>>118>>126
義朝や頼朝が従えたとされる坂東の豪族は無条件には義朝や頼朝には従わない。
保元においては国衙の指示に従って軍を出動させたとの説もあるし、
平治においては義朝や義平頼朝にごく私的に近い身内的なものしか出兵しなかったとの見方もある。

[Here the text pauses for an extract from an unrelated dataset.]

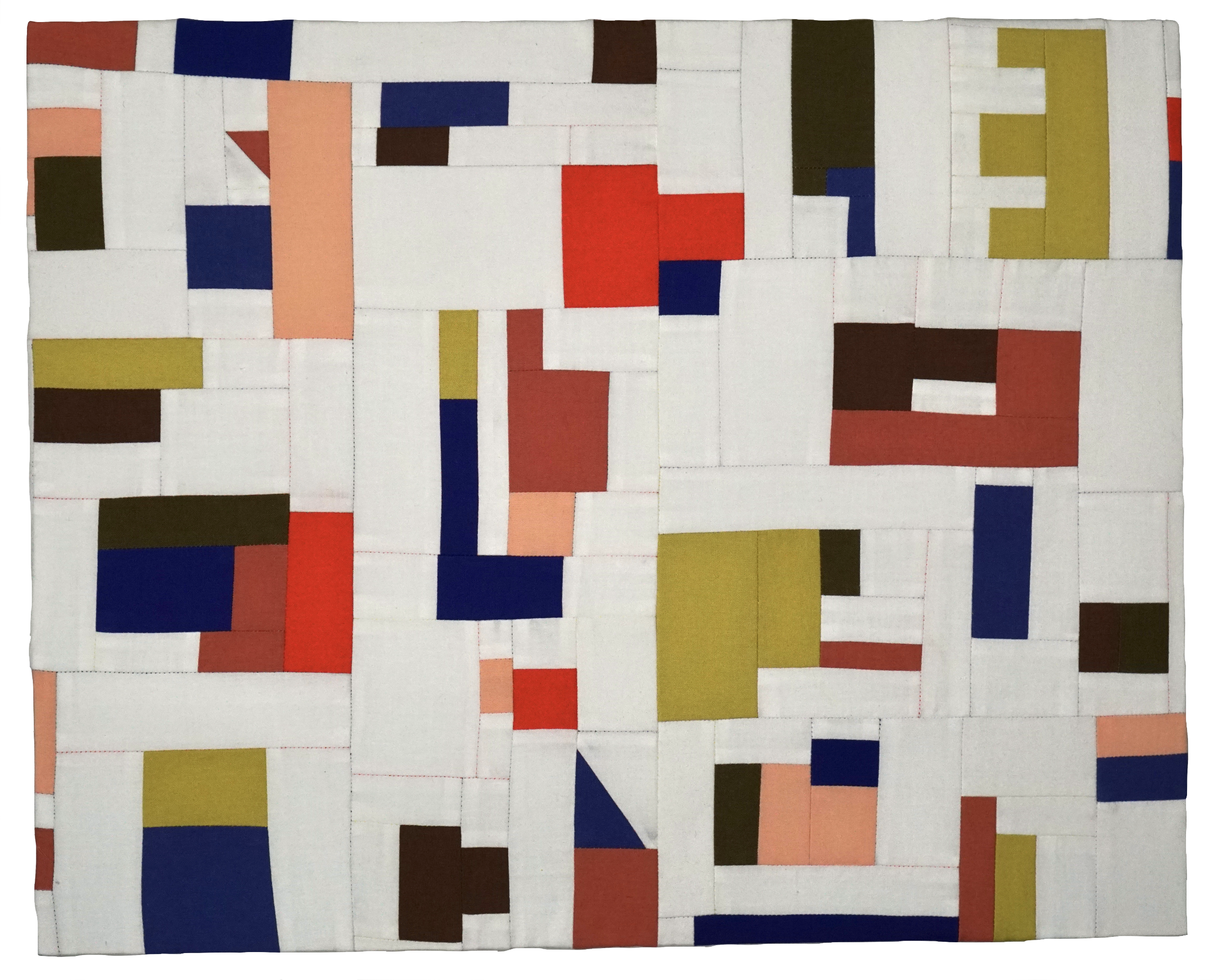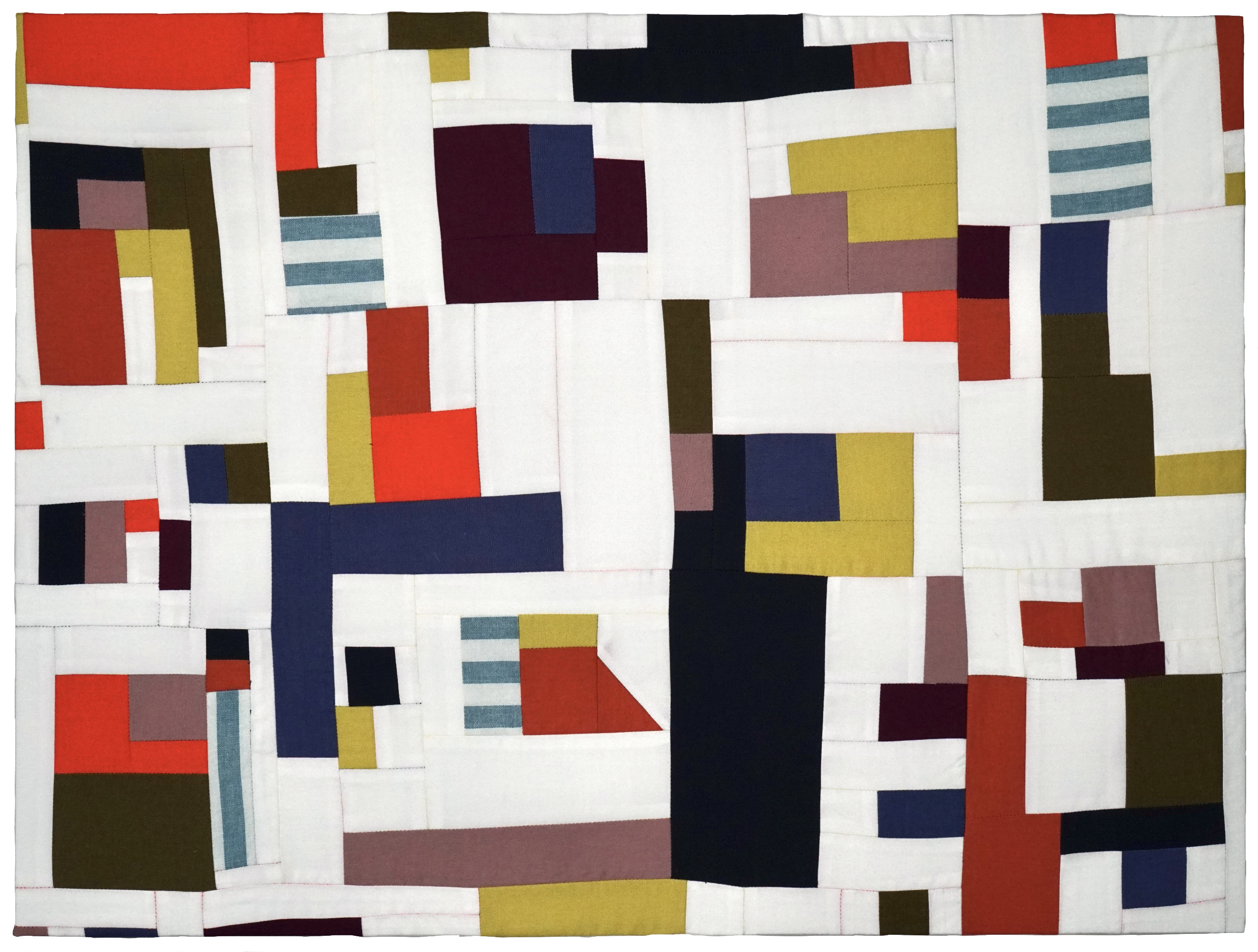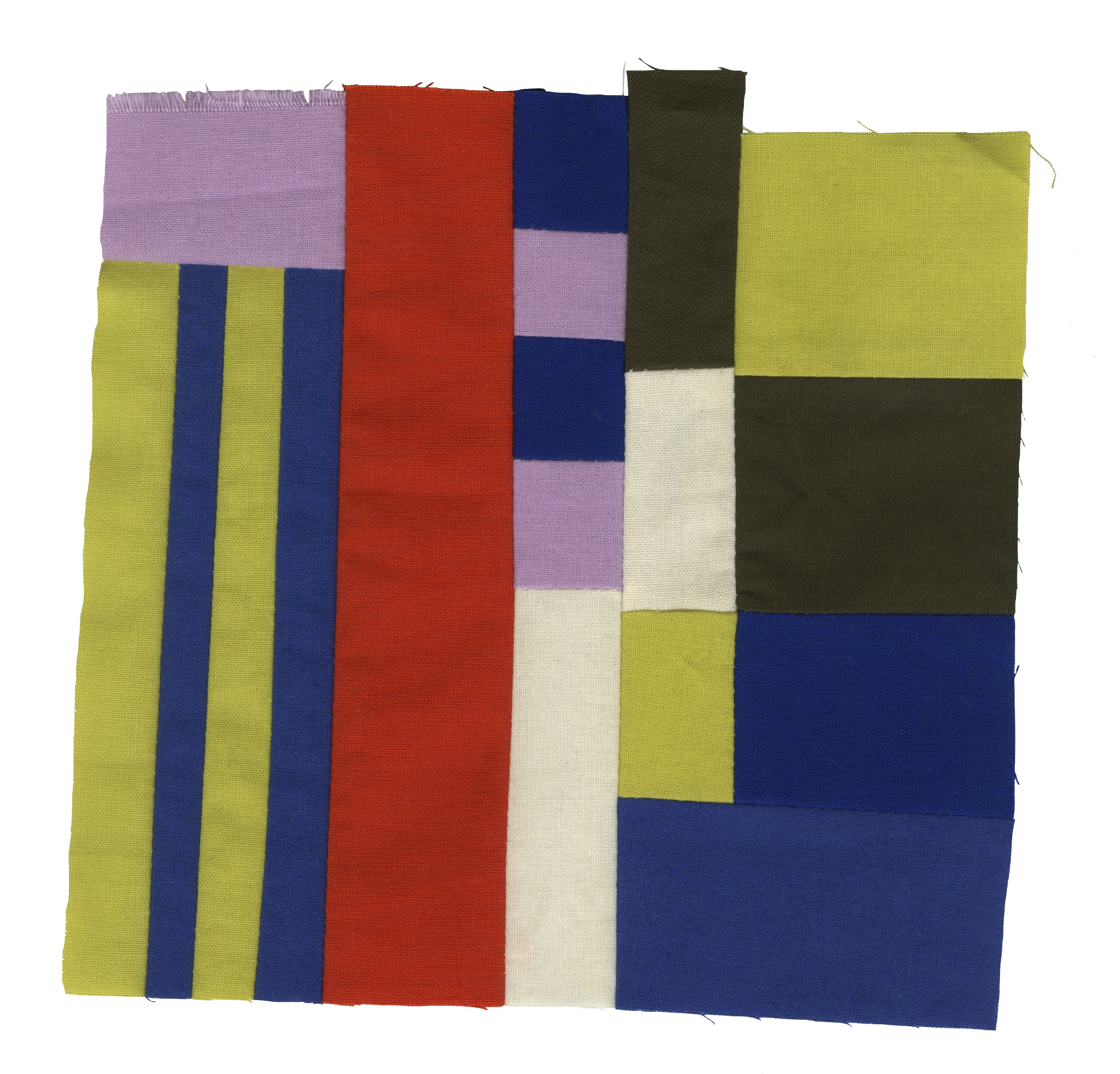 My scrap studies are exercises in improvisational quilting, through which I work instinctively to arrange compositions of color and shape. I aim to make something special from nothing: I do not use sewing patterns and all the fabrics I use are secondhand. Though my process is intuitive, I actively borrow and am inspired by the shapes and symbols of architectural plans, elevations, and urban spaces. These studies are my way of exploring whether impromptu arrangements of colored fabric scraps can lead to something more.

また、治承時に坂東の武士達が頼朝に味方した理由も平家方に近い豪族に抑圧を受けていた坂東の豪族が頼朝の挙兵を
自分に敵対する勢力を掃討する好機と考えて挙兵したという見方が最近は強い。


上総国 平家方 藤原忠清 vs 上総介広常
下総国 平家縁者 千田判官 vs 千葉氏
相模国 平家家人 大庭氏 vs 在庁官人系 三浦氏、中村氏(土肥・土屋)

坂東の豪族の基本的要求は自分の所領の安堵や坂東国衙における地位の確保であって
それを保証してくれるものを主として自分から選び取っていた。

つまり、坂東の豪族は自分にとって必然性を感じなければ誰が何を呼びかけても
(国衙からの呼び出しは例外だが)従わない。

つまり、もし義朝が生き残っていて出兵を呼びかけても、坂東の豪族側に出兵する必然性や出兵した後のメリットがなければ
義朝の求めには応じないどいうことが予測される。

頼朝の成功の原因の一つは時代の波に上手く乗れたということがある。
すなわち、清盛が治承三年のクーデターを起して、知行国を大量に増やした結果
坂東の従来の豪族の力関係に変化が起きて平家に近いものが優遇され、そうでないものが冷遇された。
その結果冷遇されたものが、平家方に反撃の機会を狙っていた
という当時の状況が頼朝の挙兵を成功させた というのが坂東の豪族を従えさせるのに成功した一つの大きな要因であると思われる。

「治承三年のクーデター」という事件がなければ
頼朝の成功はなかったし、たとえ義朝が生きていたとしても成功はむずかしかっただろう。